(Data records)
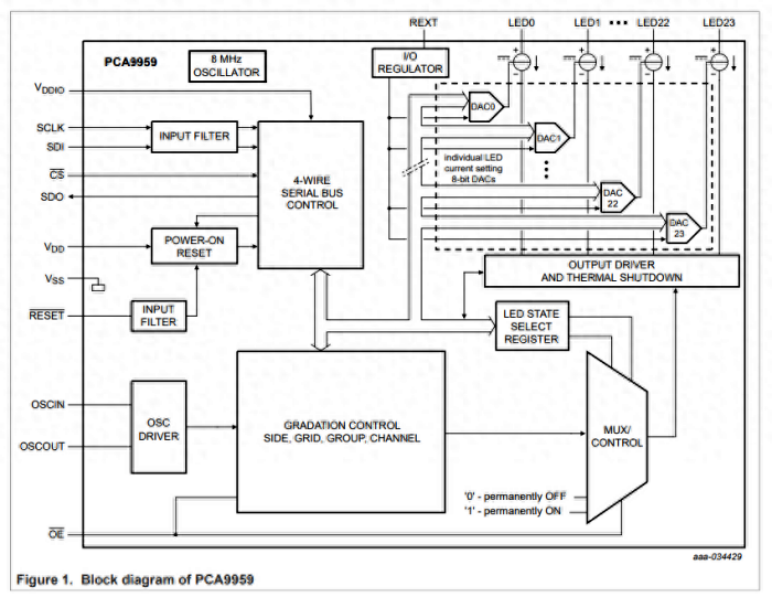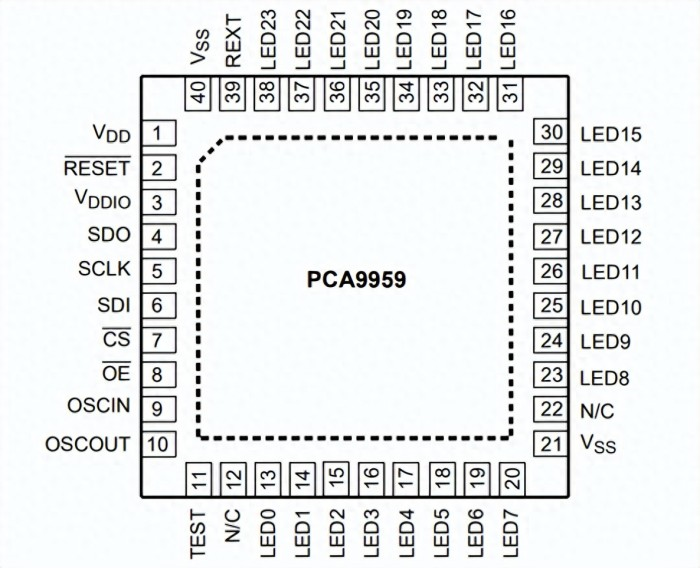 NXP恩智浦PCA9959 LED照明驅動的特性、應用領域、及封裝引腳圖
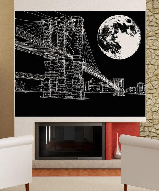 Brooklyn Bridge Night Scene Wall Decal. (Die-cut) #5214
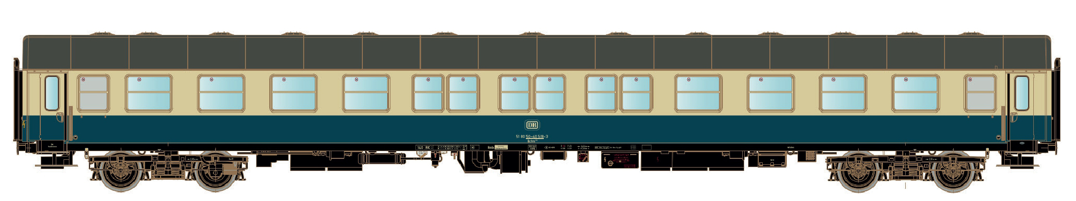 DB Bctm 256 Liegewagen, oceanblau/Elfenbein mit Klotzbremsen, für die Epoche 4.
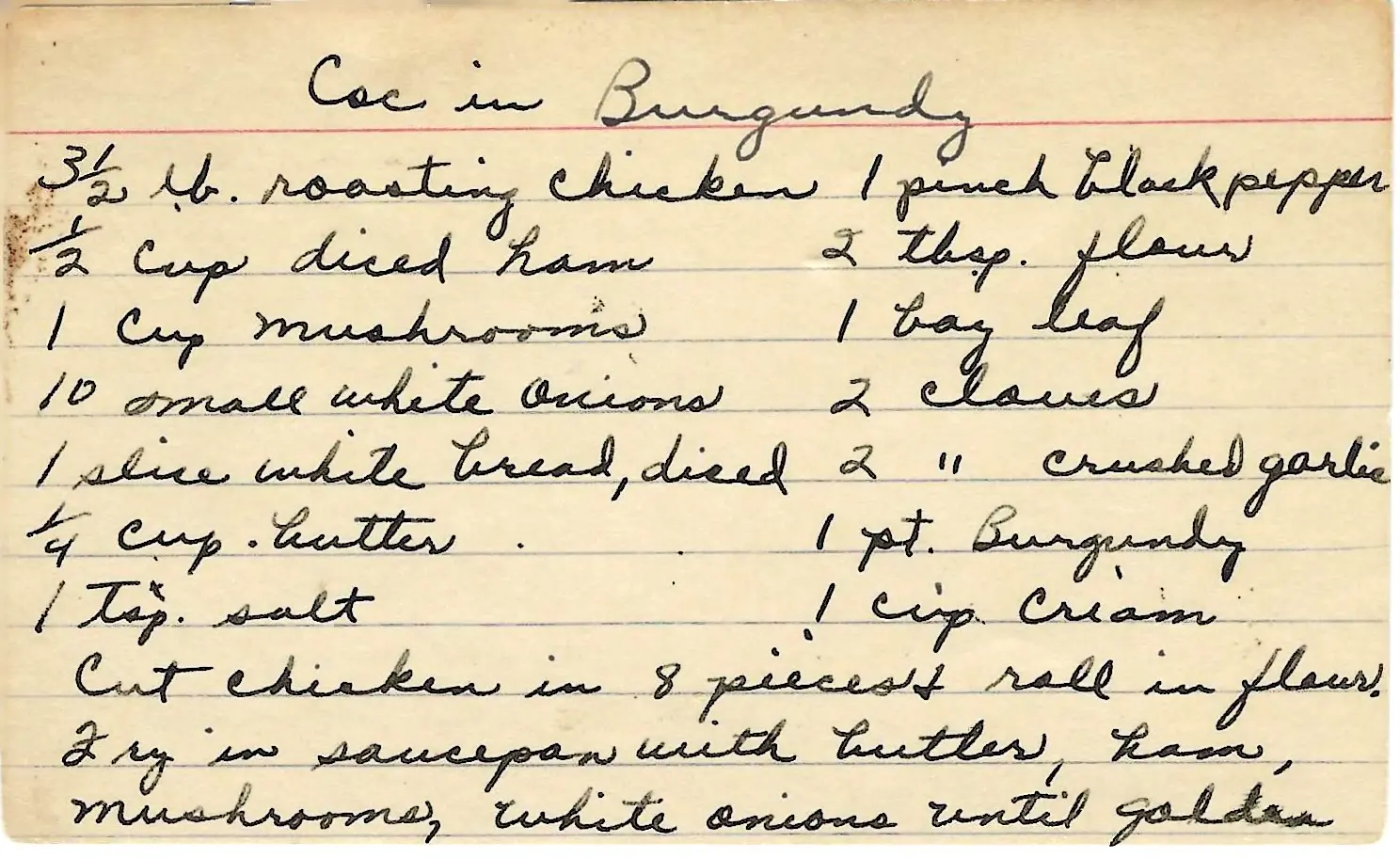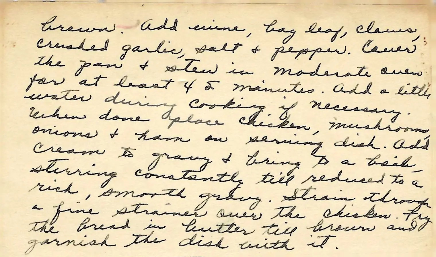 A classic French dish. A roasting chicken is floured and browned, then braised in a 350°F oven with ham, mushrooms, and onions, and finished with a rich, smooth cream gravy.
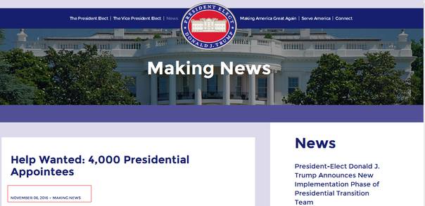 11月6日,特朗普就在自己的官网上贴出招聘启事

● Exercise objective: With the pictures excluded, the line containing "DB Bctm 256" and every line after it through the end of the data above are to be transcribed exactly, and nothing more.

● Completed exercise:
 DB Bctm 256 Liegewagen, oceanblau/Elfenbein mit Klotzbremsen, für die Epoche 4.
 A classic French dish. A roasting chicken is floured and browned, then braised in a 350°F oven with ham, mushrooms, and onions, and finished with a rich, smooth cream gravy.
 11月6日,特朗普就在自己的官网上贴出招聘启事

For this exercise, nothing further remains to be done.